Vu les autres pièces du dossier.
Vu :
— le décret n° 2015-1382 du 30 octobre 2015 relatif à la médiation des litiges de la consommation ;
— le décret n° 2012-1078 du 24 septembre 2012 relatif à la facturation en cas de fuites sur les canalisations d’eau potable après compteur ;
— le code de la consommation ;
— le code général des collectivités territoriales ;
— le code de justice administrative.
Considérant ce qui suit :
1. M. B, résidant à Saint-Florent-sur-Cher (18400), a été destinataire de la facture n° 2022-5-19030 émise le 9 novembre 2022 d’un montant de 952,72 euros par le service des eaux de la communauté de communes FerCher correspondant à une consommation d’eau de 228 m3 pour la période du 1er janvier au 18 mars 2022. Par la présente requête, il en demande au tribunal l’annulation mais également que soit confirmée l’analyse du médiateur de l’eau concernant une surconsommation causée par une fuite d’eau.
2. Aux termes de l’article R. 222-1 du code de justice administrative : " Les présidents de tribunal administratif et de cour administrative d’appel, les premiers vice-présidents des tribunaux et des cours, le vice-président du tribunal administratif de Paris, les présidents de formation de jugement des tribunaux et des cours et les magistrats ayant une ancienneté minimale de deux ans ou ayant atteint au moins le grade de premier conseiller désignés à cet effet par le président de leur juridiction peuvent, par ordonnance : () 2º Rejeter les requêtes ne relevant manifestement pas de la compétence de la juridiction administrative () ; 4° Rejeter les requêtes irrecevables pour défaut de ministère d’avocat ou entachées d’une irrecevabilité manifeste non susceptible d’être couverte en cours d’instance () ".
Sur les conclusions tendant à la confirmation de l’analyse du médiateur de l’eau :
3. Le juge administratif ne peut être saisi que de conclusions tendant à l’annulation d’une décision administrative ou de conclusions indemnitaires lorsque la responsabilité de l’administration est engagée.
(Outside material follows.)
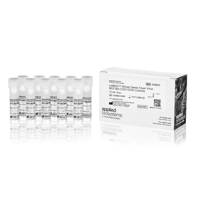 The VetMAX African Swine Fever Virus MGF360-CD2V DIVA Controls are synthetic positive controls used in the real-time PCR amplification of CD2V and MGF360-14L genes of African swine fever virus.
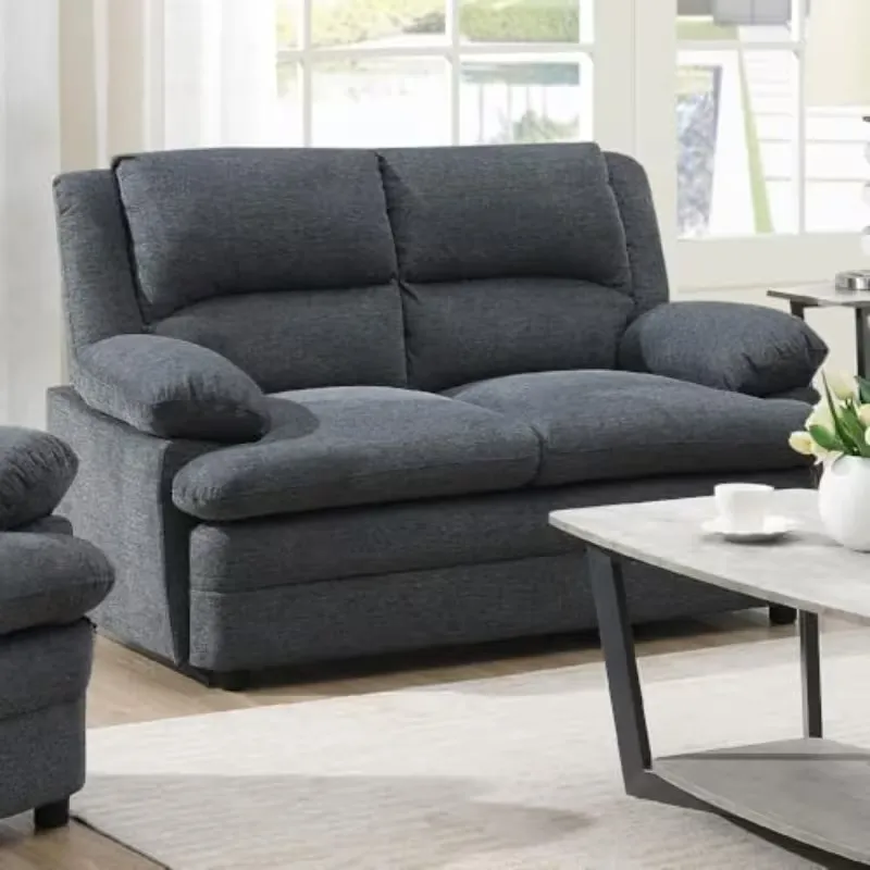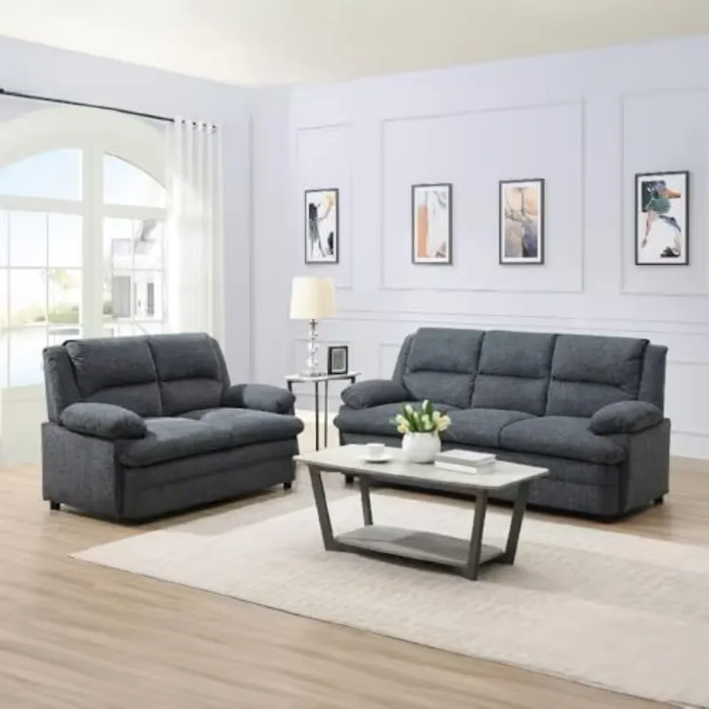 This 2-seater fabric sofa offers comfort and durability with a modern design. Featuring cord embellishments, it fits perfectly in living rooms. Compact, stylish, and electricity-free, it provides a practical and elegant seating solution.

Il n’entre pas ainsi pas dans ses pouvoirs comme dans ses attributions et compétences de confirmer l’analyse réalisée par le médiateur de l’eau. De telles conclusions sont, en tout état de cause, irrecevables et ne peuvent par suite qu’être rejetées.
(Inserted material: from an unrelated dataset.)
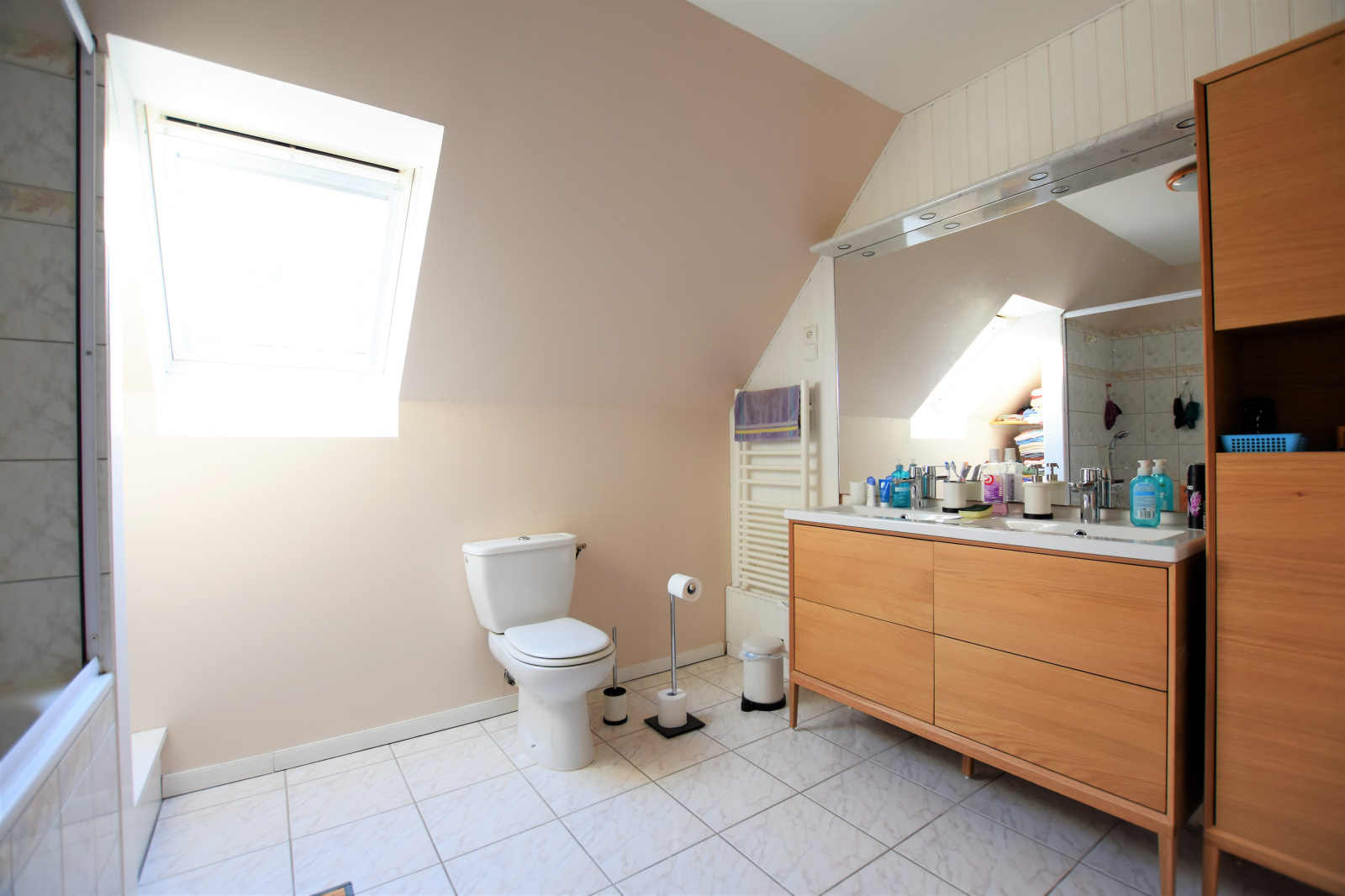 À l'étage, vous trouverez un palier desservant 3 chambres, dont 1 avec dressing (14.08 m²/10.79 m²/10.11 m²), 1 dressing/coin repassage indépendant (3.20 m²), 1 salle de bain doubles vasques et un WC.

Sur les conclusions à fin d’annulation de la facture d’eau :
4. M. B doit être regardé comme demandant au tribunal d’annuler la facture n° 2022-5-19030 d’un montant de 952,72 € émise le 9 novembre 2022 correspondant à une consommation de 228 m3, ainsi que le refus de la communauté de communes de FerCher de procéder à un dégrèvement partiel.
5. En premier lieu, selon l’article L. 2224-7 du code général des collectivités territoriales : « I.-Tout service assurant tout ou partie de la production, du transport, du stockage et de la distribution d’eau destinée à la consommation humaine est un service d’eau potable./ La production d’eau destinée à la consommation humaine comprend tout ou partie du prélèvement, de la protection du point de prélèvement ainsi que du traitement de l’eau brute. () ». Selon l’article L. 2224-11 du même code : « Les services publics d’eau et d’assainissement sont financièrement gérés comme des services à caractère industriel et commercial ».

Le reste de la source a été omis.